The research reveals how chemical concentrations across coastal areas varied, but within New Orleans elevated concentrations of lead, arsenic and other chemicals were found, particularly in the most disadvantaged areas of the city following Hurricane Katrina. The team also discovered how airborne contaminants known to pose health risks, were released through demolition projects during the city-wide cleanup operation.

"While evidence suggests that hurricanes may increase in intensity, resulting in even greater economic damage in the future, social and cultural factors are also important aspects to consider for the future impact of hurricanes," said Dr. Bill Benson of the United States Environmental Protection Agency (USEPA). "It is important that higher priority is given to understanding social factors and demographic patterns pertaining to continued development along our nation's coastline."

Hurricane Katrina, which hit New Orleans in August 2005, remains the costliest and deadliest hurricane ever to hit the United States.
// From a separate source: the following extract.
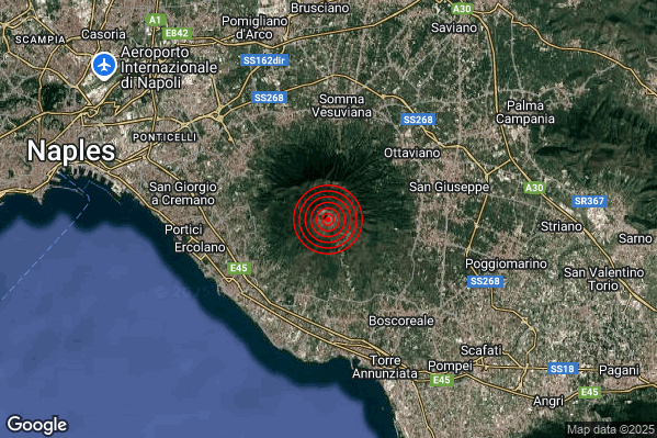 Oggi 30/12/2025 alle ore 00:00:36 (ora locale Italiana – 23:00:36 UTC) è stato registrato un Lieve #Terremoto di magnitudo M2.2 con epicentro “Vesuvio” Latitudine: 40.82 Longitudine: 14.43 mostrato sulla mappa.

When the category five hurricane hit land, the resulting surge extended six miles inland, breaching the levees of New Orleans and causing flooding to 80percent of the city to depths of six meters.

In human terms Katrina resulted in 1,800 confirmed fatalities spread over six states with at least 700 people confirmed missing and an additional one million people displaced. Katrina-related damage is estimated to exceed $84 billion, making it the most expensive natural disaster in US history. Yet it is the indirect environmental impact that continues to pose a risk to the population of New Orleans.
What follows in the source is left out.